Page MenuHomePhabricator

Cleanup dbctl possible leftovers from older config
Closed, ResolvedPublic

Description

We had recently an issue where dbctl ended up confused because a wrong/outadated section (s10). The root cause was discovered to be a non-mw host pooled accidentally under a section that shouldn't exist- instead of returning an error.

It would be great to review dbctl data and make sure there are no older hosts, sections or references to other data that are outdated and could confuse monitoring, pooling/depooling tools, and humans.
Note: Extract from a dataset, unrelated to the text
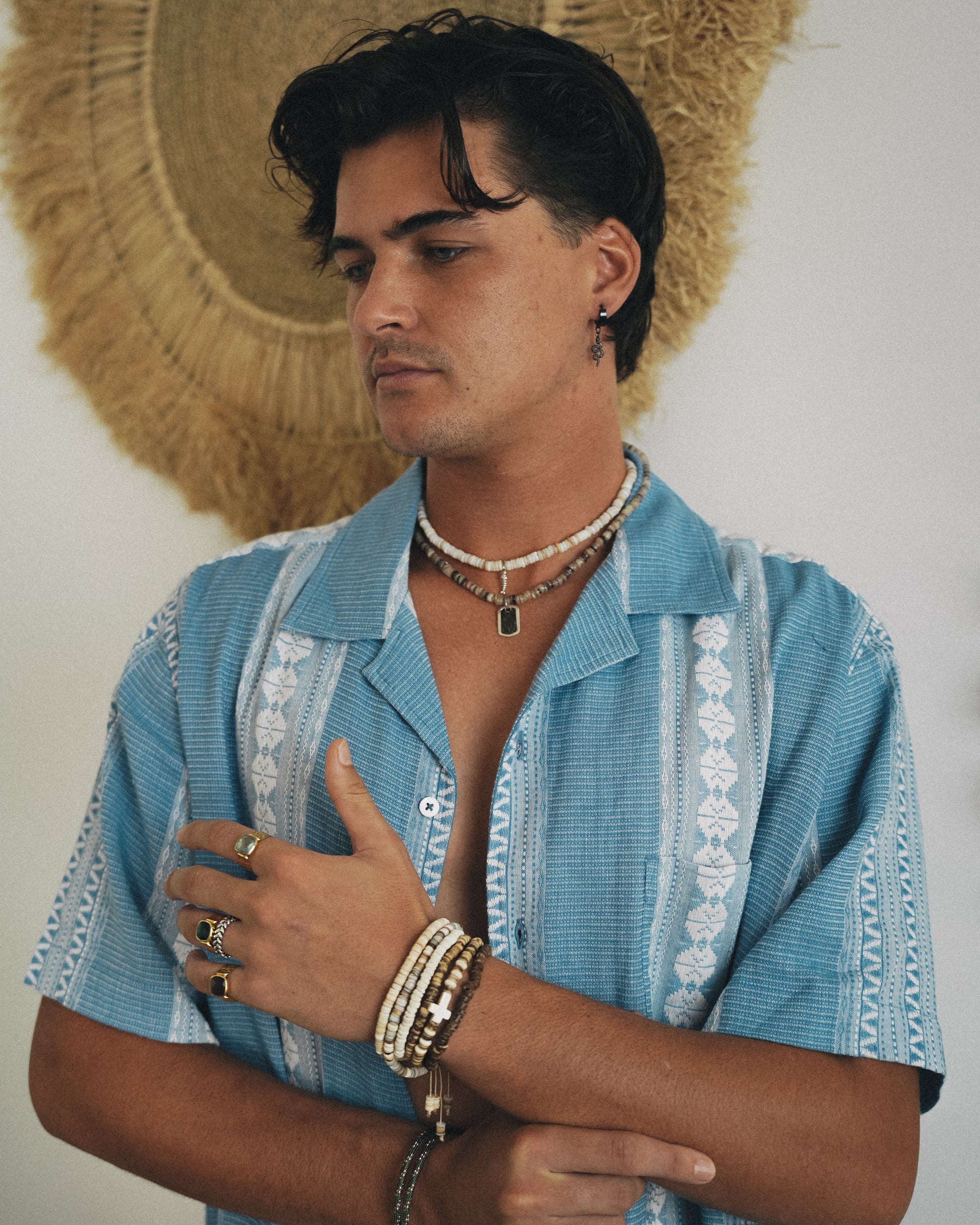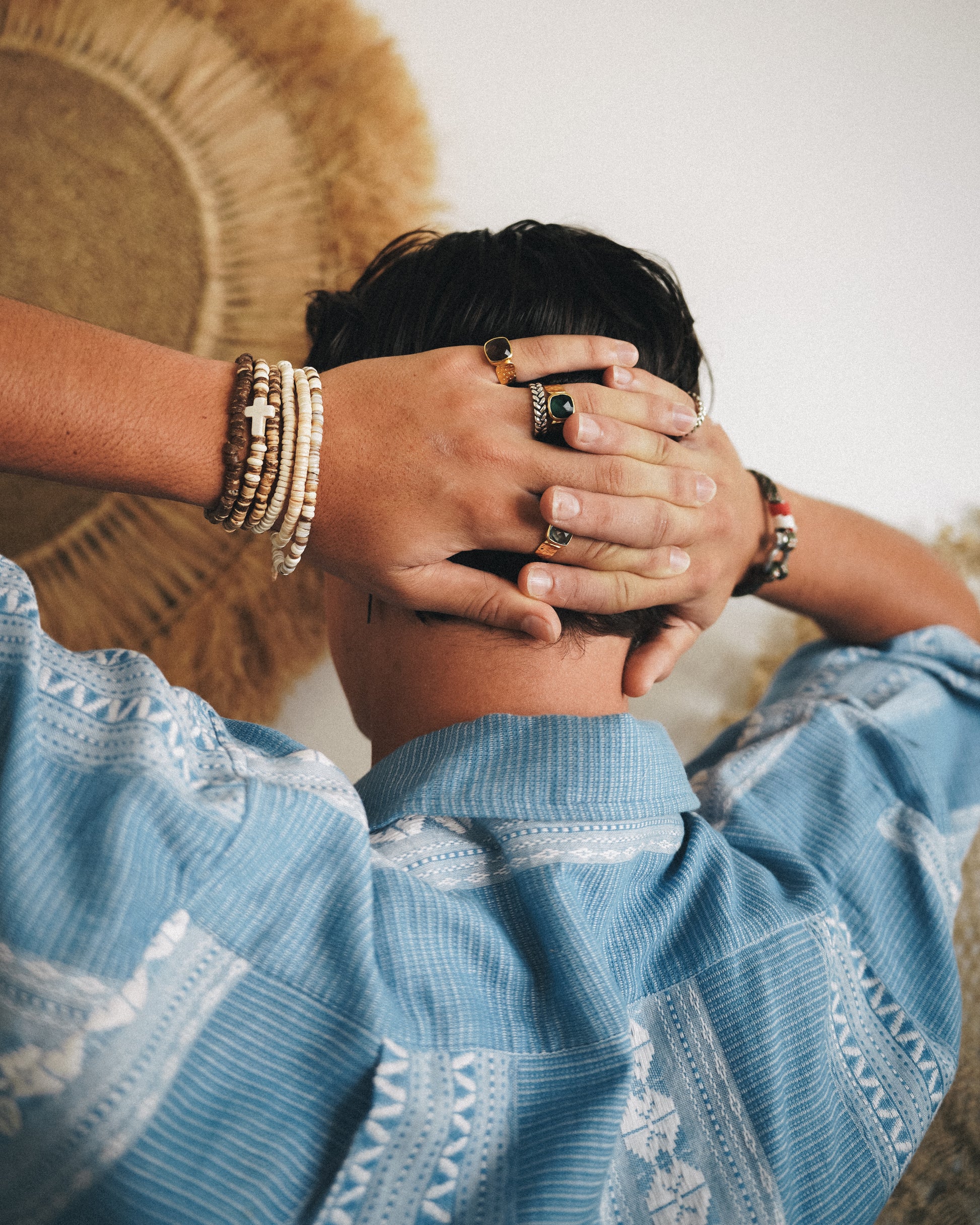 8.5 inch (larger wrist) coconut and wooden beaded bracelets with cord tie. Sold in sets of 2
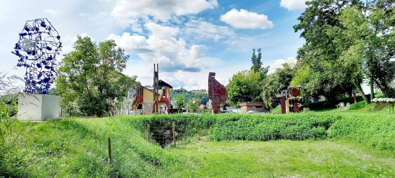 Vom Gasthof Malerwinkl geht es bergauf zum Kunsthochsitz. Genießen wir Kunst und das herrliche Panorama: Entlang des Bergkammes haben wir eine herrliche Aussicht auf Hatzendorf. Weiter geht’s durch den Wald nach Unterhatzendorf, wo eine Optische Scheibe die Sinne verwandelt. Drehen wir ruhig die Scheibe im und gegen den Uhrzeigersinn. Weiter geht es zum Rastplatz Hühnergeflüster und zur Steckeisenblume. Der Weg führt nun entlang von Wiesen und Äckern, vorbei am Apfelplatz nach Hatzendorf retour, wo die Skulptur Umarmung wartet. Zum Abschluss wartet noch der Weltengarten beim Bahnhof.

In particular:

  • Checking if there are leftover sections, such as s10 that shouldn't be on mw config/dbctl
  • Checking if there are references to databases (hostsByName) that are not intended for mediawiki, such as db2135. It is likely there are still decomissioned hosts or hosts that used to be on mw config but now are misc or other roles.
  • Checking there are no depooled hosts that are idle and forgotten

In the future, it would be also nice to have automatic monitoring, such as T256845 (out of scope of this ticket)

Event Timeline

  • Checking if there are leftover sections, such as s10 that shouldn't be on mw config/dbctl

There is s11, I don't know if it's needed or not

  • Checking if there are references to databases (hostsByName) that are not intended for mediawiki, such as db2135. It is likely there are still decomissioned hosts or hosts that used to be on mw config but now are misc or other roles.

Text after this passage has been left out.